RSA Security Chairman Art Ciovello partially addressed the issue in his RSA Conference keynote, where he admitted that RSA worked with the NSA, but denied they had done anything wrong, telling attendees that “..has RSA done work with the NSA? Yes. But the fact has been a matter of public record for nearly a decade.” The rest of Coviello’s keynote focused on the need for more global standards concerning cyber security, and encouraged attendees to support the adoption of global cyber security principles.
While there’s no doubt there needs to be more international cooperation with cybersecurity, Coviello’s keynote was also a prime example of crisis PR messaging: The keynote was preceded by William Shatner beaming onto stage and belting out a security-oriented rendition of “Lucy in the Sky with Diamonds,” which put attendees in a jovial mood before Coviello walked on stage. And Coviello’s speech alternated between claiming that RSA Security was taken advantage of by the NSA, and embracing quotes and images from the late John F. Kennedy about the need for global computer security agreements and standards.
I’ll acknowledge that the NSA performs a vital role in helping keep the United States (and its allies and citizens) safe from cyberattack, but it’s also clear that the world is entering a brave new world of cyber warfare — from STUXNET to Snowden and beyond — where an “anything goes” mentality seems to apply.
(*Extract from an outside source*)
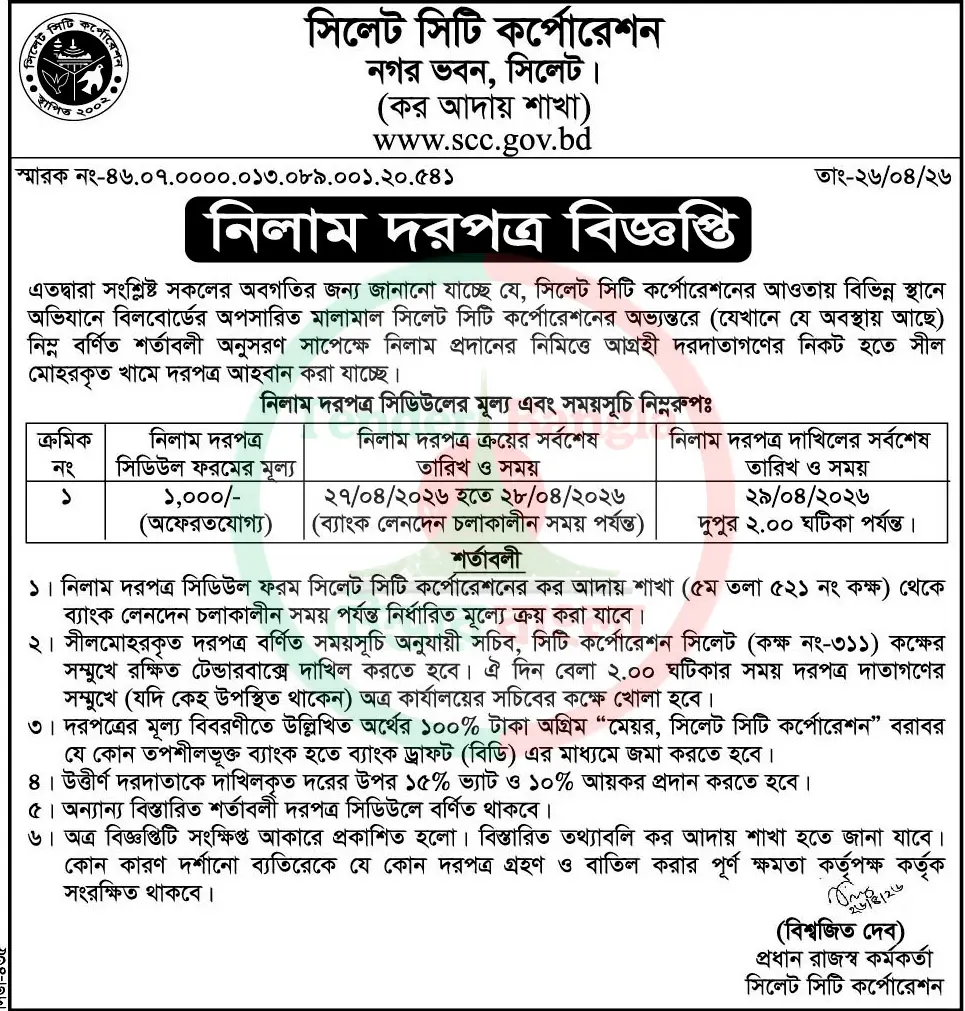 Title: বিভিন্ন মালামাল নিলাম দরপত্র বিজ্ঞপ্তি সিটি কর্পোরেশন

Former U.S. Government official Richard Clarke indirectly criticized both RSA Security and NSA during his keynote at the Cloud Security Alliance summit, saying that “…the US Government has to get out of the business of fu@$ing around with encryption standards.” For more on Clarke’s speech, check out John Fontana’s summary of the Coviello keynote over at his ZDNet Identity Matters blog.
William Shatner opens RSA Conference 2014 by singing an infosec-themed ‘Lucy in the Sky with Diamonds.’ (Source: YouTube)
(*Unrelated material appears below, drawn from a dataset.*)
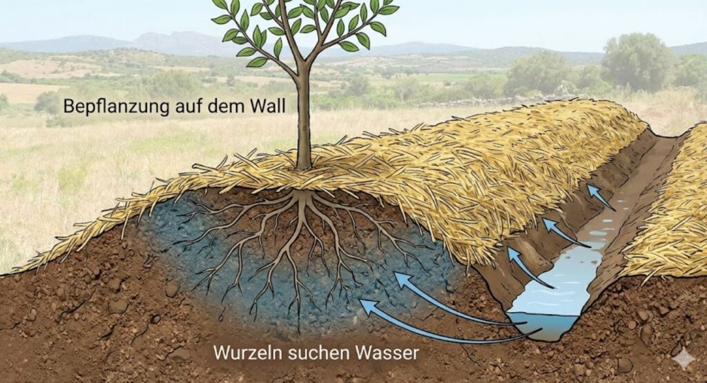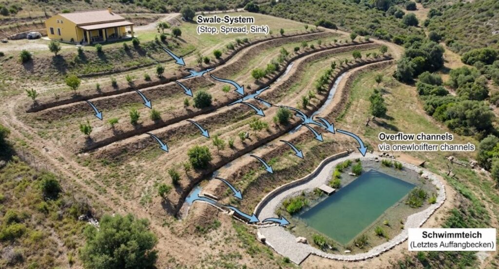 Das ist das Herzstück der gesamten Wasserstrategie auf eurem sardischen Grundstück. Wenn ihr das richtig macht, verändert sich alles: Das Land wird grün, auch wenn es monatelang nicht regnet.

With the advent and widespread adoption of cloud-based resources and mobile devices, the need for confirming someone’s real identity when they aren’t physically next to the resources they’re trying to access is an ongoing focus of attention for IT security experts and vendors. So how can a cloud provider really make sure that someone accessing data stored in their cloud is really who they say they are? Digital identities can be forged, and social engineering attacks can result in attackers effectively masquerading as senior executives who have access to everything. All of this has resulted in the continuing growth and development in Identity and Access Management (IAM) and Identity as a Service (IDaaS) practices and adoption, and the trends will likely continue. For more on identity trends, Sean Deuby over at Windows IT Pro has a nice summary of the latest developments in IT identity that is worth a read.
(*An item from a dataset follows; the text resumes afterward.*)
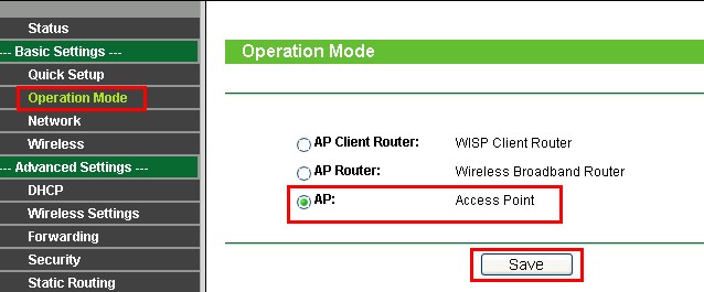 2. Нажмите Operation Mode (Режим работы), выберите режим АР (точки доступа) и нажмите Save (Сохранить).

A consistent theme that carried over from last year’s RSA conference is the ongoing shortage in IT security skills among IT professionals, and a gap between open positions for security positions and the applicants applying for them. Jon Oltsik, a senior principal analyst at the Enterprise Strategy Group (ESG), held a conference session that summed up the current security professional deficit in its headline: “The security staff and skills shortage is worse than you think.” Ostik referenced an ESG survey where IT hiring managers reveal that they’re finding it extremely (18%) or somewhat (65%) difficult to hire information security professionals. In an effort to turn things around, Ostik encouraged CISOs and IT manager to improve the work experience for information security professionals by automating mundane security tasks, implementing corporate security policies and getting support for those policies from senior management. Download a PDF of Oltsik’s RSA Conference presentation slides for more info.
With news of cyberattacks and corporate breaches now an almost daily occurrence, part of the new reality for information security professionals is to assume that just about every part of their IT environment has been (or soon will be) at risk. “Companies still have problems securing data once it leaves the security perimeter,” says Adrian Sanabria, a senior security analyst at 451 Research. “[You] almost need to assume that everything you have is compromised…even if you find a magic security solution, maybe you’ve already been hacked [before you obtained that solution].” Sanabria’s comments are sobering, but accurate: The best any security professional can do is to raise the bar of difficulty for attackers high enough to discourage all but the most determined attempts to breach IT security. Building on a base of solid security principles — such as keeping OSes patched and updated to the latest version, using firewalls, having clear and usable security policies that IT staff and employees all follow — you can make it more difficult for most attackers to gain access. Yet it’s also clear than given enough time, resources, and expertise, even the most hardened security environments can be compromised.
A message generated by Cryptolocker malware after encrypting files on a target computer. (Source: Andrew Brandt/Blue Coat Systems)
Another constant is that cyber criminals continue to relentlessly improve, refine, and evolve their attacks to stay one step ahead of existing IT security approaches. One such attack that is getting a lot of attention is Cryptolocker, a type of cyberattack that experts have dubbed “ransomware.” I spoke with Andrew Brandt from Blue Coat Systems at RSA, and he explained how Cryptolocker works. “It’s essentially extortion in the ‘give us the ransom or your data gets it’ variety.”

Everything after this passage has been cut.